Task statement -> Given the entries below, would you transcribe exactly the lines starting at the one with "Un cierre potencial" and ending at the one with "- Мебель: вешалка, зеркало, кровать", both kept, pictures omitted, nothing extra?

[Recorded data — start]

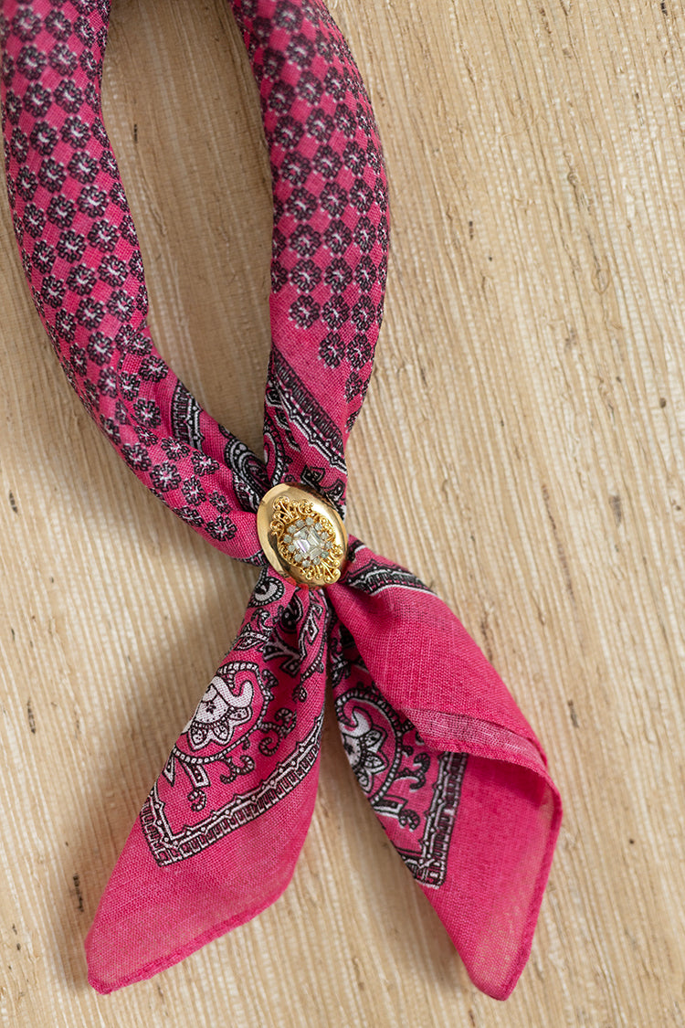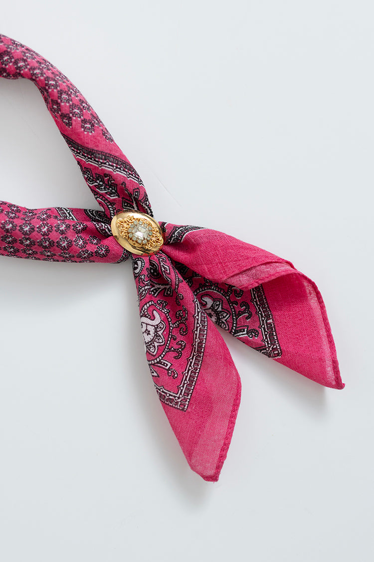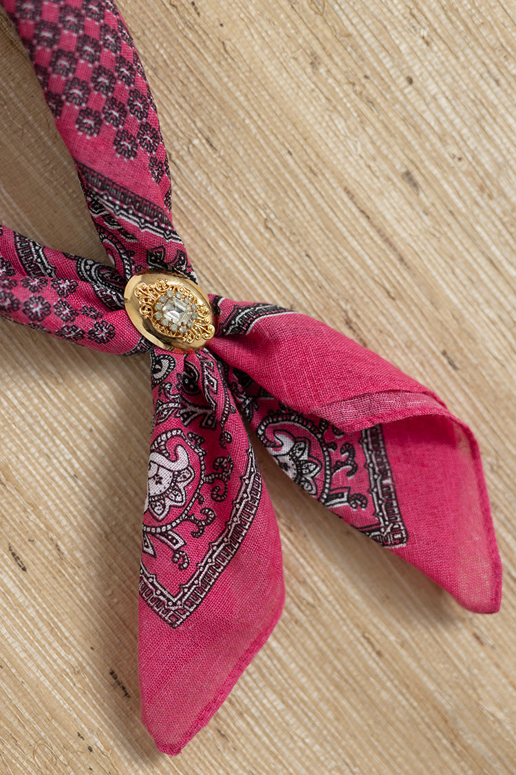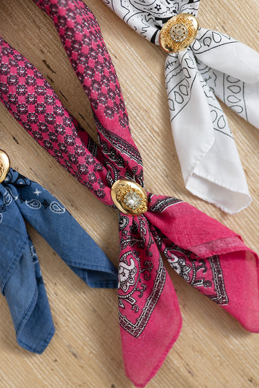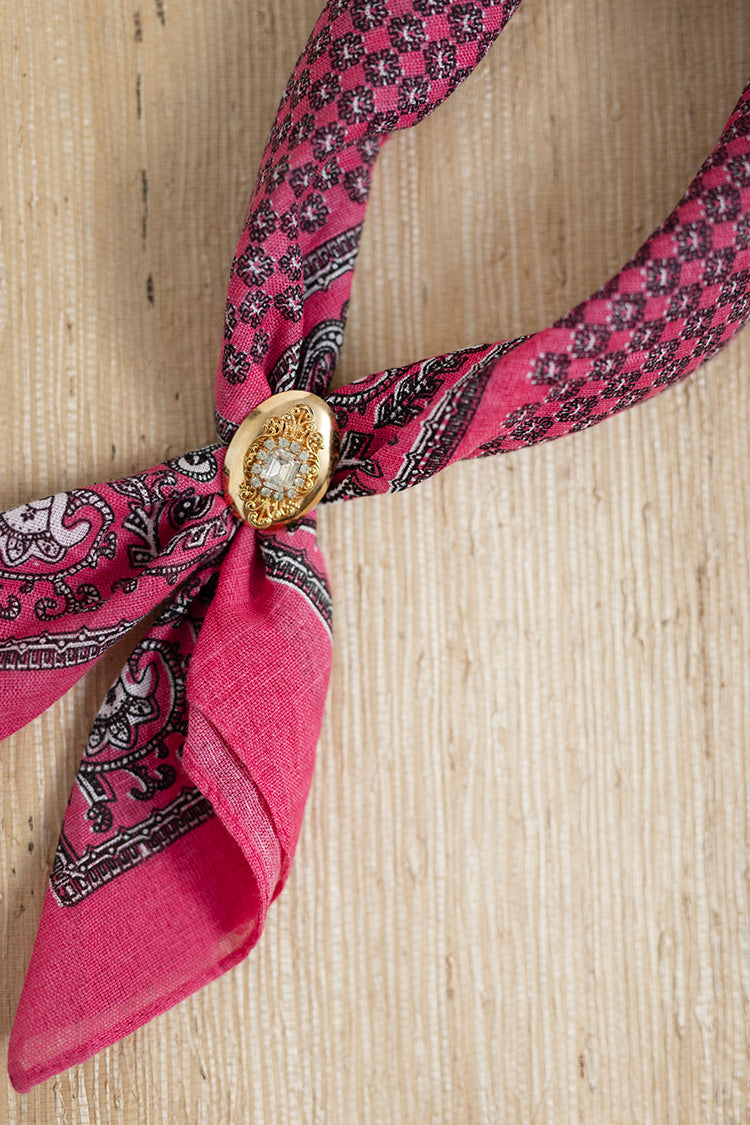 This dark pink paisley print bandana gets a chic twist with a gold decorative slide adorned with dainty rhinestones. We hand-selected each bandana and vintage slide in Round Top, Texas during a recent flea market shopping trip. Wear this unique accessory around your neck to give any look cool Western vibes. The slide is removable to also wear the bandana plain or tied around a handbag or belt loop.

[Recorded data — finish]
[Recorded data — start]

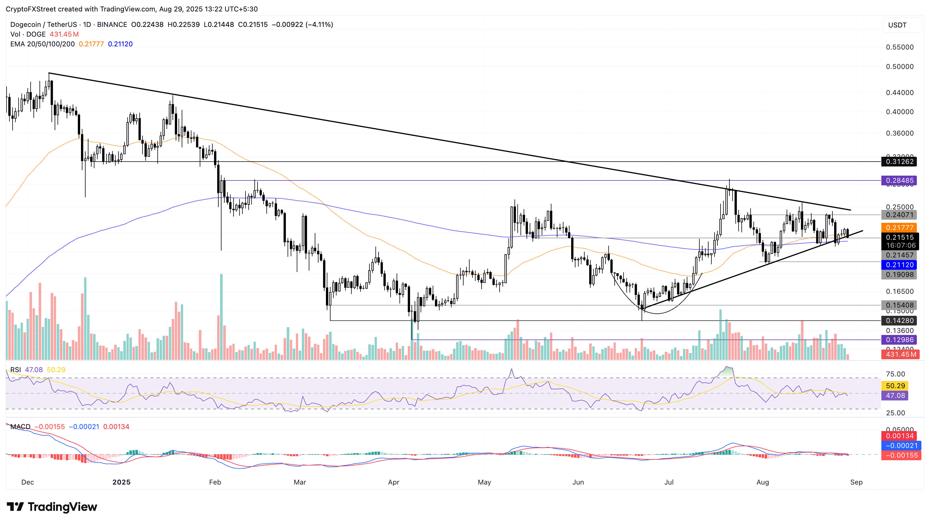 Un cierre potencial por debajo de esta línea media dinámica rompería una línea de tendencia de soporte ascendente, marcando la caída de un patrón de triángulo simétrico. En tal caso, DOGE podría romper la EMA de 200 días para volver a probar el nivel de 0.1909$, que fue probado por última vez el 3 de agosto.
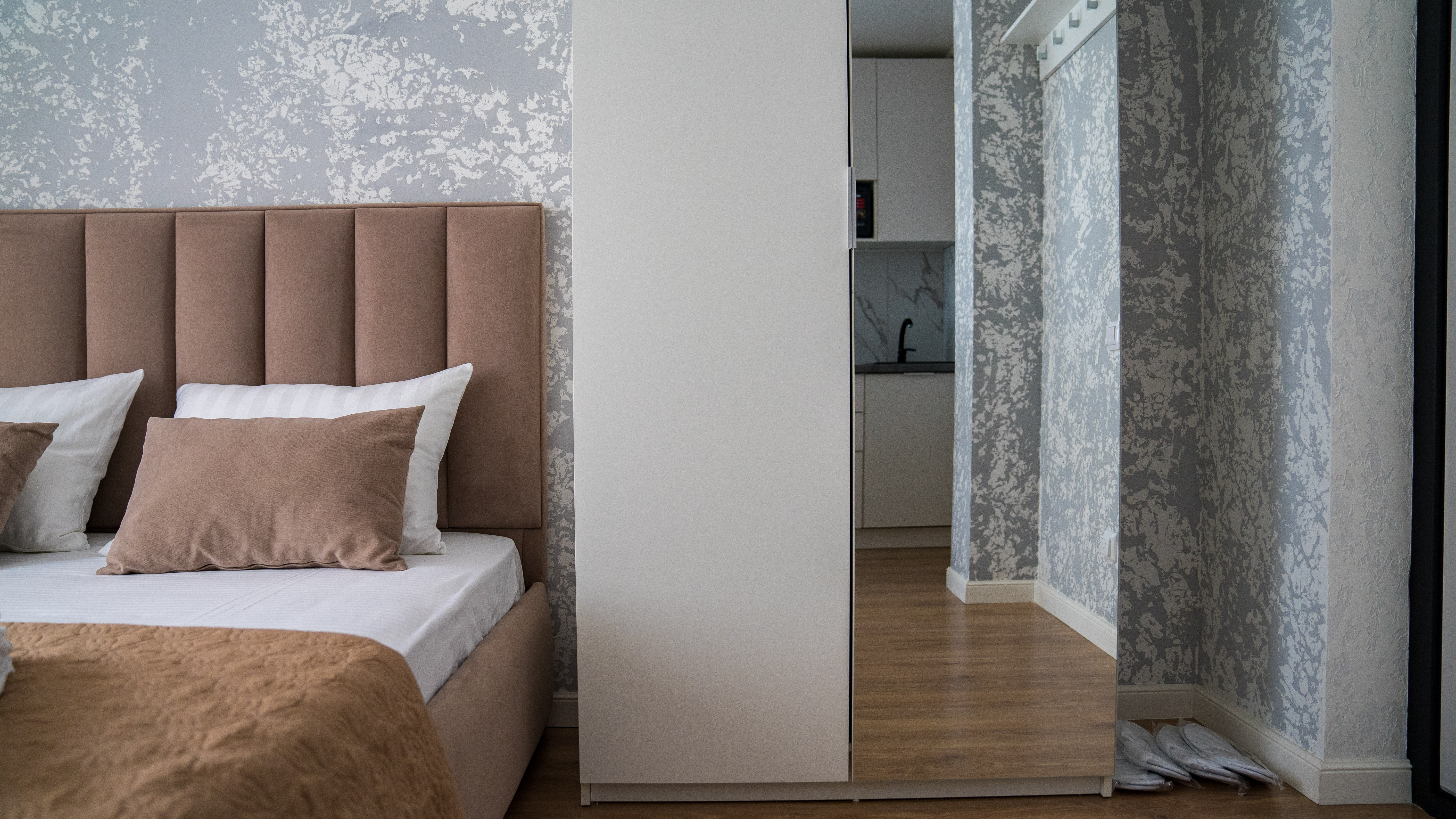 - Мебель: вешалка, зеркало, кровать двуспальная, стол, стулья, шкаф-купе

[Recorded data — finish]
[Recorded data — start]

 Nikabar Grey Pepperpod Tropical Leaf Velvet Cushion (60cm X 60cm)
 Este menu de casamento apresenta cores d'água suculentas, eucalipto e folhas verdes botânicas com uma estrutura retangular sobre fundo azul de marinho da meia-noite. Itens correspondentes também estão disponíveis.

[Recorded data — finish]

Finished exercise ->
 Un cierre potencial por debajo de esta línea media dinámica rompería una línea de tendencia de soporte ascendente, marcando la caída de un patrón de triángulo simétrico. En tal caso, DOGE podría romper la EMA de 200 días para volver a probar el nivel de 0.1909$, que fue probado por última vez el 3 de agosto.
 - Мебель: вешалка, зеркало, кровать двуспальная, стол, стулья, шкаф-купе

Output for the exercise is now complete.